[[ Task material open ]]

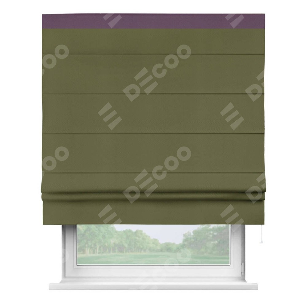 Римская штора производителя «Cortin», используется для проёма, пошита из ткани блэкаут однотонный зелёный, артикул ткани 81859. Отделка шторы кантом «Кинг», ткань для канта используется из блэкаута однотонного разной расцветки на выбор. Имеет универсальный механизм и подходит для монтажа: на потолок, на стену и в нишу.
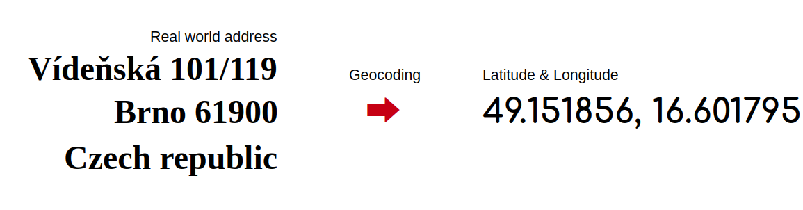 Latitude and longitude values can be obtained directly from a GPS device or derived from real-world addresses. The derivation process is called Forward geocoding.
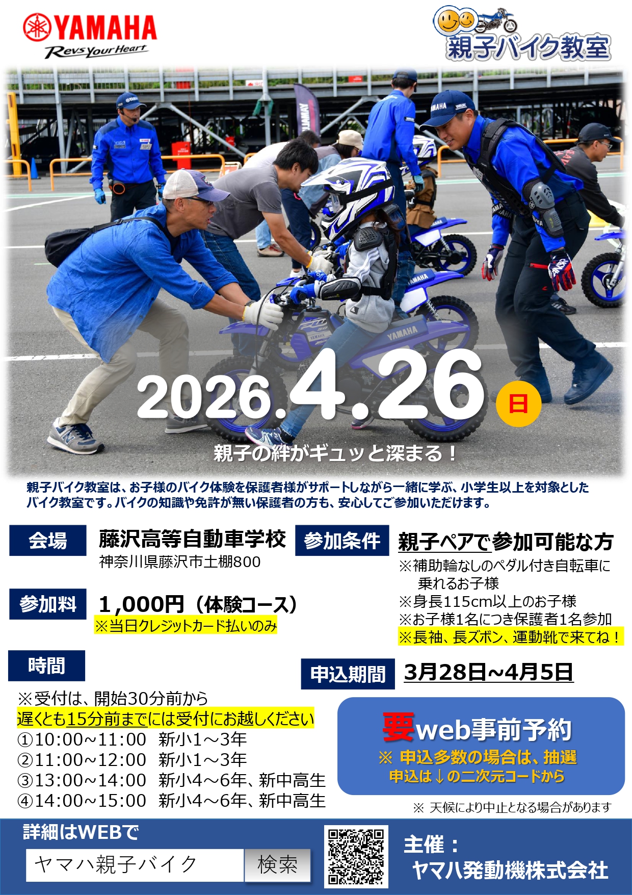春のバイク祭りにてヤマハさんによる「親子バイク教室」が行われます。
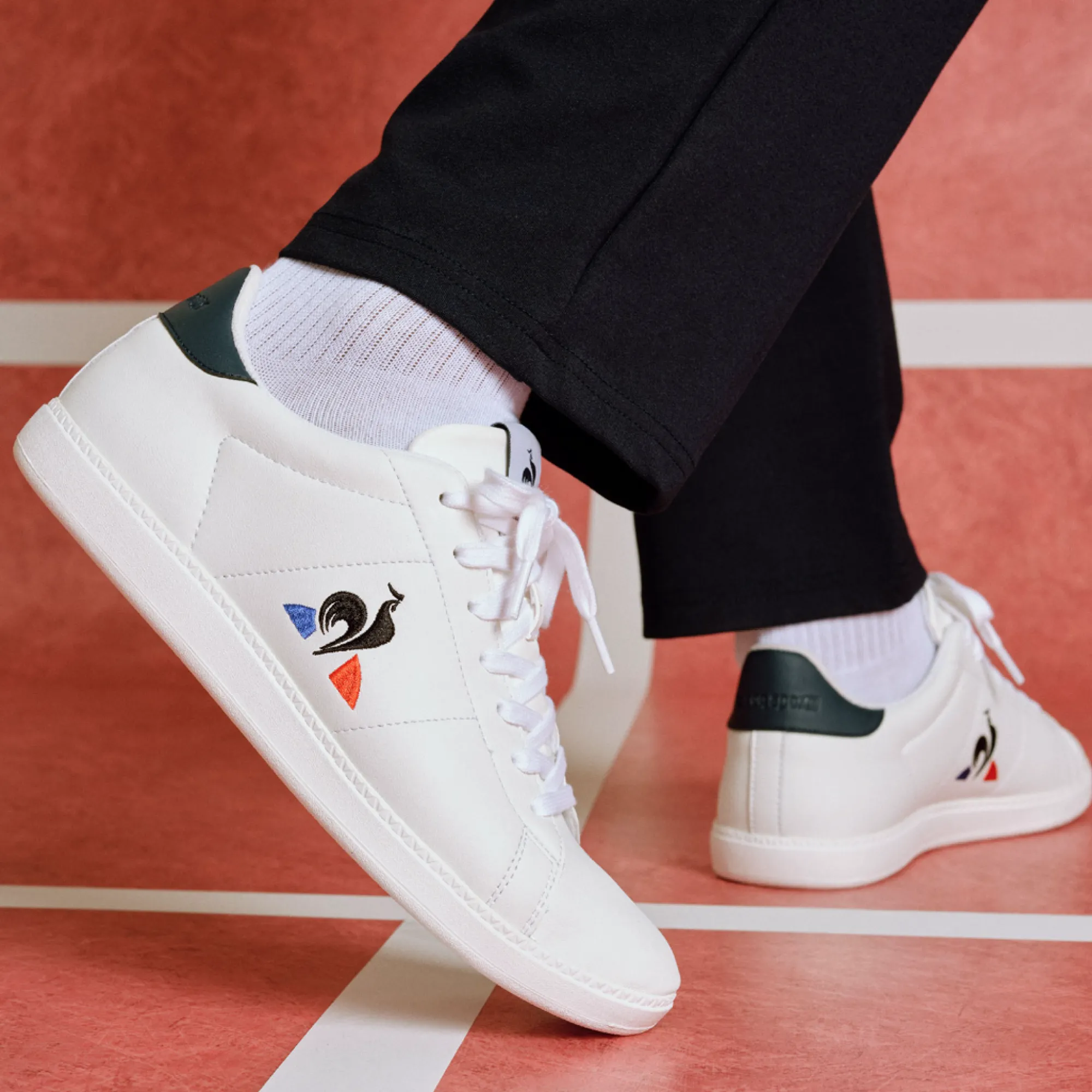 El Courtset_2 es un zapato con un diseño atemporal, con su parte superior de cuero limpio y su logotipo tricolor bordado en el costado que agrega un toque de estilo, mientras que el panel de cuero del talón le brinda un acabado elegante. Esta combinación de simplicidad y detalles sutiles lo convierte en una ventaja para un look atemporal y versátil.
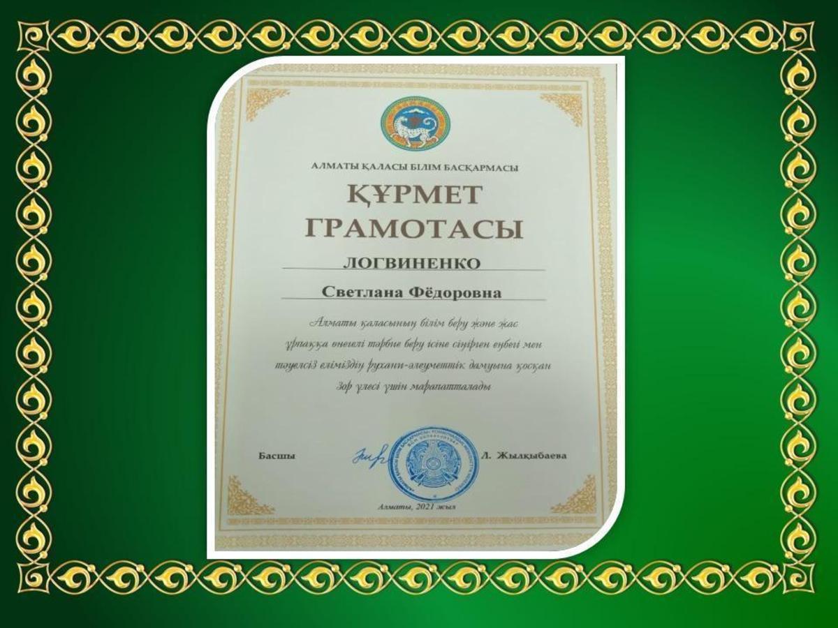Алматы қаласы Білім басқармасы білім беру және жас ұрпаққа өнегелі тәрбие беру ісіне сіңірген еңбегі мен тәуелсіз еліміздің рухани-әлеуметтік дамуына қосқан зор үлесі үшін №171 ЖББ мектептің мұғалімі Логвиненко Светлана Фёдоровнаны марапаттады.
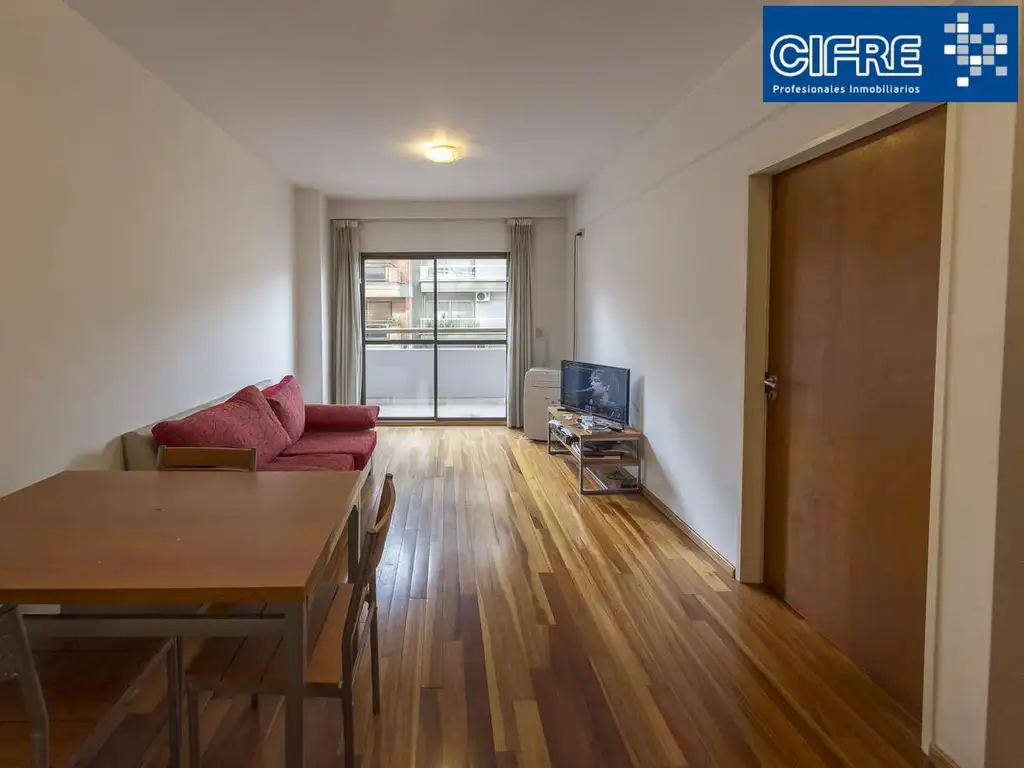 Living con salida a balcón. Cocina integrada con barra desayunadora. Pisos entablonados de madera. Baño completo. Lavadero en balcón. Agua caliente por calefón. Dormitorio con amplio placard. Portero visor.

[[ Task material closed ]]

== Your task ==
Set down word for word the lines from the first entry through the line with "El Courtset_2 es", both included, omitting pictures.

== Written answer ==
 Римская штора производителя «Cortin», используется для проёма, пошита из ткани блэкаут однотонный зелёный, артикул ткани 81859. Отделка шторы кантом «Кинг», ткань для канта используется из блэкаута однотонного разной расцветки на выбор. Имеет универсальный механизм и подходит для монтажа: на потолок, на стену и в нишу.
 Latitude and longitude values can be obtained directly from a GPS device or derived from real-world addresses. The derivation process is called Forward geocoding.
春のバイク祭りにてヤマハさんによる「親子バイク教室」が行われます。
 El Courtset_2 es un zapato con un diseño atemporal, con su parte superior de cuero limpio y su logotipo tricolor bordado en el costado que agrega un toque de estilo, mientras que el panel de cuero del talón le brinda un acabado elegante. Esta combinación de simplicidad y detalles sutiles lo convierte en una ventaja para un look atemporal y versátil.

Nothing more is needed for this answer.